Long story short, Cloudflare Tunnel started as a network service which lets you expose a web server with private IP address to the public Internet. This way you don’t have to punch a hole in your firewall infrastructure, in order to have inbound access to the server. There are additional benefits like the fact that nobody knows the real IP address of your server, they can’t DDoS you by sending malicious traffic, etc.
Today I was pleasantly surprised to discover that Cloudflare Tunnels can be used for SSH traffic as well. It’s true that most machines with an SSH server have public IP addresses. But think about the time when you want to access the Linux laptop or workstation of a relative, so that you can remotely control their desktop, in order to help them out. Modern Linux distros all provide remote desktop functionality but the question is how do you get direct network access to the Linux workstation.
If you can connect via SSH to a remote machine without a public IP address, then you can set up SSH port forwarding, in order to connect to their remote desktop local service, too.
Here is what you have to execute at the remote machine to which you want to connect:
$ wget https://github.com/cloudflare/cloudflared/releases/latest/download/cloudflared-linux-amd64
$ chmod +x cloudflared-linux-amd64
$ ./cloudflared-linux-amd64 tunnel --url ssh://localhost:22
2023-03-04T20:51:16Z INF Thank you for trying Cloudflare Tunnel. Doing so, without a Cloudflare account, is a quick way to experiment and try it out. However, be aware that these account-less Tunnels have no uptime guarantee. If you intend to use Tunnels in production you should use a pre-created named tunnel by following: https://developers.cloudflare.com/cloudflare-one/connections/connect-apps
2023-03-04T20:51:16Z INF Requesting new quick Tunnel on trycloudflare.com...

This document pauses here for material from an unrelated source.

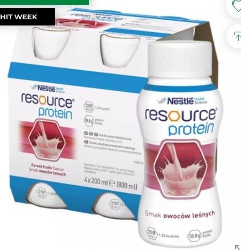 Resource Protein o smaku owoców leśnych to kompletna pod względem odżywczym, wysokobiałkowa dieta w płynie. Żywność specjalnego przeznaczenia medycznego, do postępowania dietetycznego w stanach niedożywienia i/lub w przypadku ryzyka niedożywienia, któremu może towarzyszyć zwiększone zapotrzebowanie na białko, związanego z chorobą.
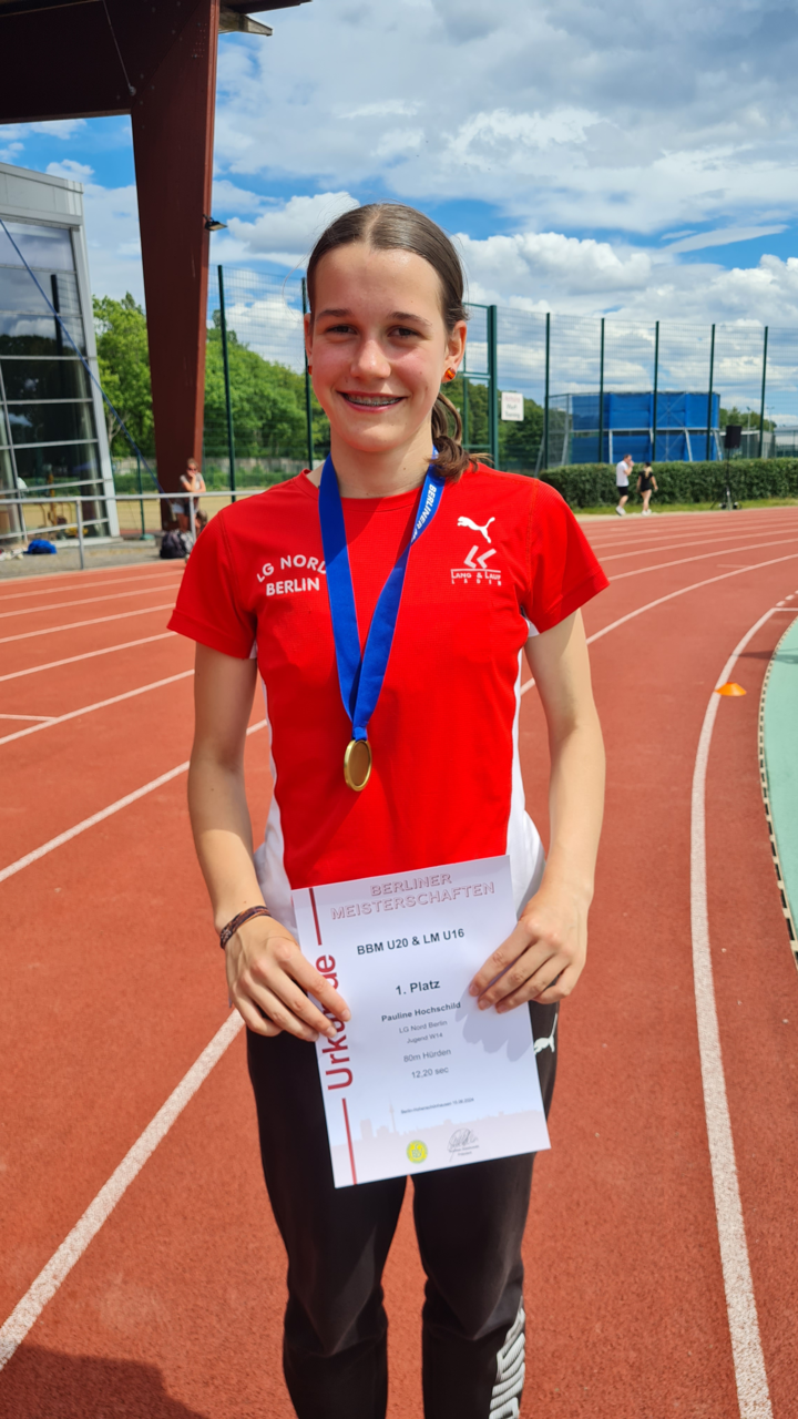 Im 80m Hürdensprint konnte sich Pauline die Goldmedaille sichern. Ihre hier aufgestellte neue pB von sehr guten 12,20s lief sie bei gültigem Rw.

2023-03-04T20:51:20Z INF +--------------------------------------------------------------------------------------------+
2023-03-04T20:51:20Z INF | Your quick Tunnel has been created! Visit it at (it may take some time to be reachable): |
2023-03-04T20:51:20Z INF | https://statistics-feel-icon-applies.trycloudflare.com |
2023-03-04T20:51:20Z INF +--------------------------------------------------------------------------------------------+
When you have the URL “statistics-feel-icon-applies.trycloudflare.com” (which changes with every quick Cloudflare tunnel execution), you have to do the following on your machine (documentation is here):
$ wget https://github.com/cloudflare/cloudflared/releases/latest/download/cloudflared-linux-amd64
$ chmod +x cloudflared-linux-amd64
$ vi ~/.ssh/config # and then add the following
Host home.server
ProxyCommand /home/famzah/cloudflared-linux-amd64 access ssh --hostname statistics-feel-icon-applies.trycloudflare.com
$ ssh root@home.server 'id ; hostname' # try the connection
uid=0(root) gid=0(root) groups=0(root)
home-server
The quick Cloudflare Tunnels are free and don’t require that you have an account with Cloudflare. What a great ad-hoc replacement of VPN networks! On Linux this network infrastructure lets you replace Teamviewer, AnyDesk, etc. with a free secure remote desktop solution.